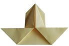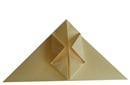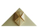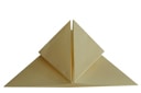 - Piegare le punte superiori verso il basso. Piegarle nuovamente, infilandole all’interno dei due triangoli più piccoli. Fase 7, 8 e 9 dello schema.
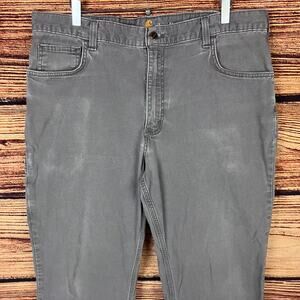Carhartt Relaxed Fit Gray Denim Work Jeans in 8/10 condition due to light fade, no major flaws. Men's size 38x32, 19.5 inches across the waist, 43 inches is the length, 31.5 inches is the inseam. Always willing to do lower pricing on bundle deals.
==
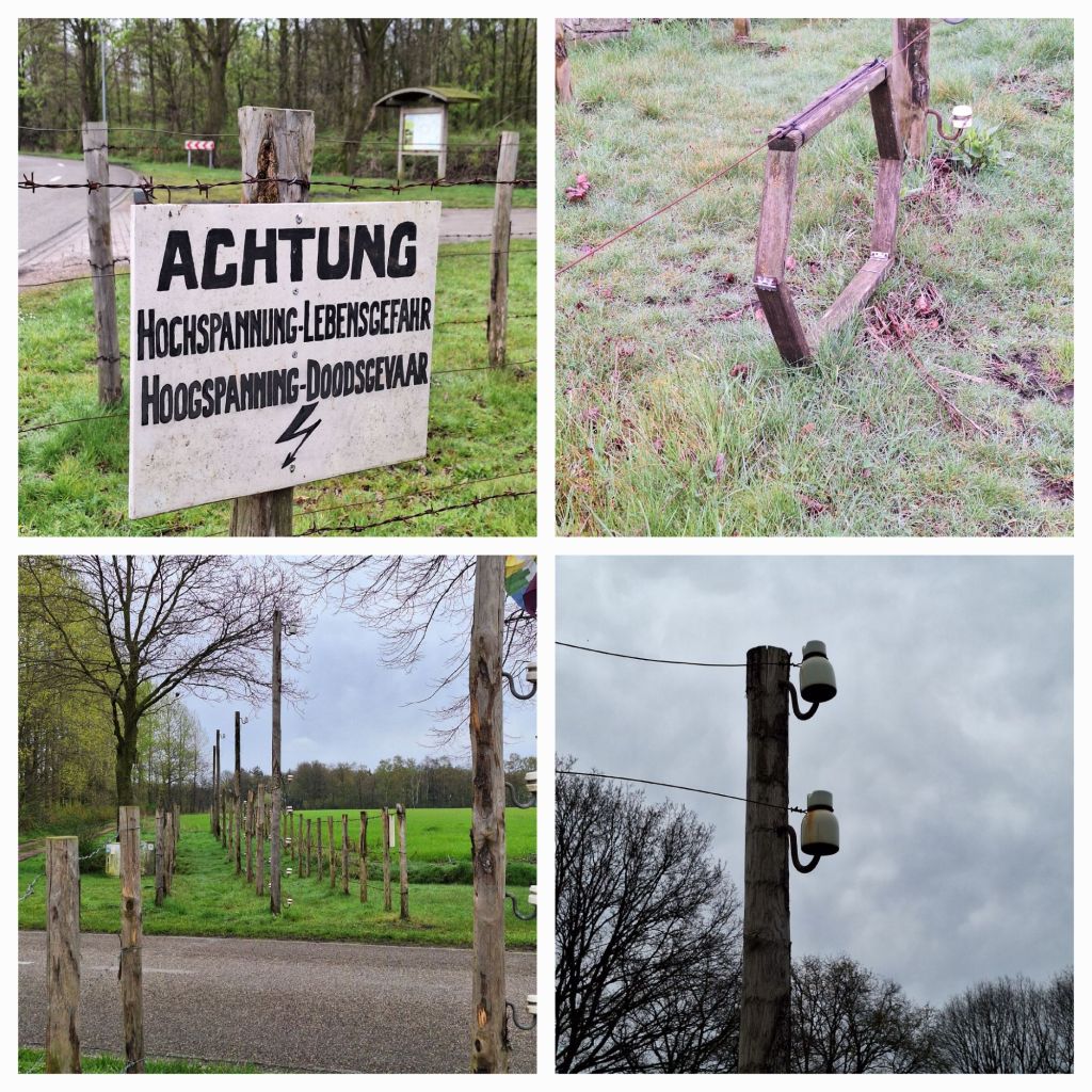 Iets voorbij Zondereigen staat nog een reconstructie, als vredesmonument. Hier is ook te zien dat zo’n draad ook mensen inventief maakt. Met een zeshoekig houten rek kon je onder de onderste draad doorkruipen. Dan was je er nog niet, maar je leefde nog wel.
==
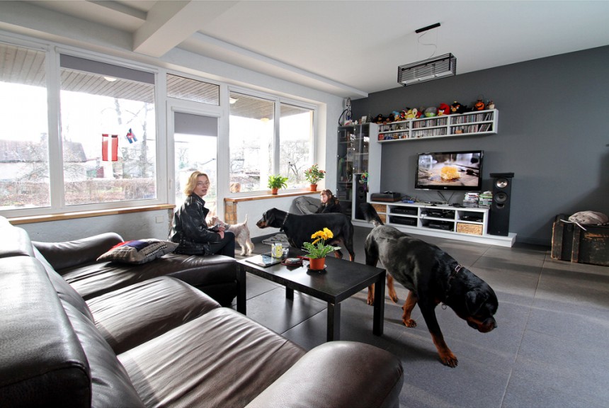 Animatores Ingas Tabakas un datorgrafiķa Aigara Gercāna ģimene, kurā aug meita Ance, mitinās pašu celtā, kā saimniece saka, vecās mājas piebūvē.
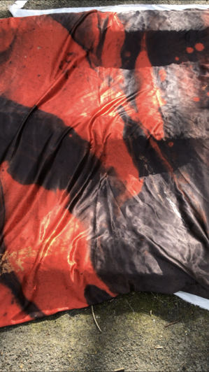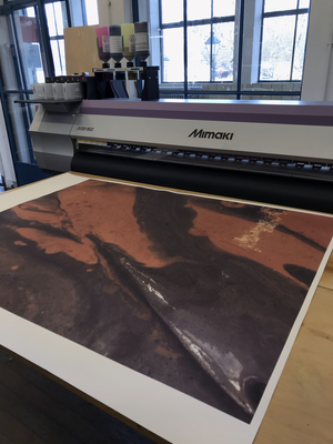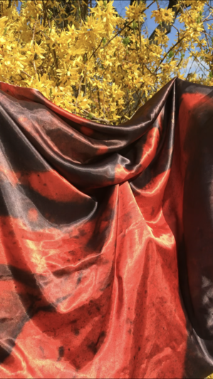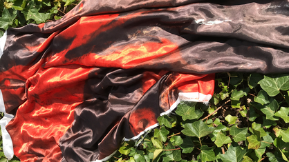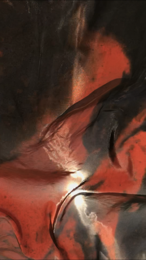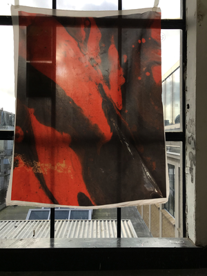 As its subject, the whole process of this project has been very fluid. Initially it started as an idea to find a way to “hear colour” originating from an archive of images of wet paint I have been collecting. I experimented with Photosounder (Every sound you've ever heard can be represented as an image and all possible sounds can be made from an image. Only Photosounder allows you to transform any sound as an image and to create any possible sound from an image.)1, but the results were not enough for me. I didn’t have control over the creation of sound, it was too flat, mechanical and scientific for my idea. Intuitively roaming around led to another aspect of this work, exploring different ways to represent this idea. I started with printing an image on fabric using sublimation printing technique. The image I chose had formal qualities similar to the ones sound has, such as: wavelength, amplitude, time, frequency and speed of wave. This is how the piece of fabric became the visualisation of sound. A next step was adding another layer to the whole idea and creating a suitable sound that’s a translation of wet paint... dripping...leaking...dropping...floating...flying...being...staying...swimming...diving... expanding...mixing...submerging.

- The task:
Your answer must be the exact lines from the records above, from the one containing "- Piegare le" through the one containing "Carhartt Relaxed Fit", both included, with every picture left out.

- Solution to this exercise:
 - Piegare le punte superiori verso il basso. Piegarle nuovamente, infilandole all’interno dei due triangoli più piccoli. Fase 7, 8 e 9 dello schema.
Carhartt Relaxed Fit Gray Denim Work Jeans in 8/10 condition due to light fade, no major flaws. Men's size 38x32, 19.5 inches across the waist, 43 inches is the length, 31.5 inches is the inseam. Always willing to do lower pricing on bundle deals.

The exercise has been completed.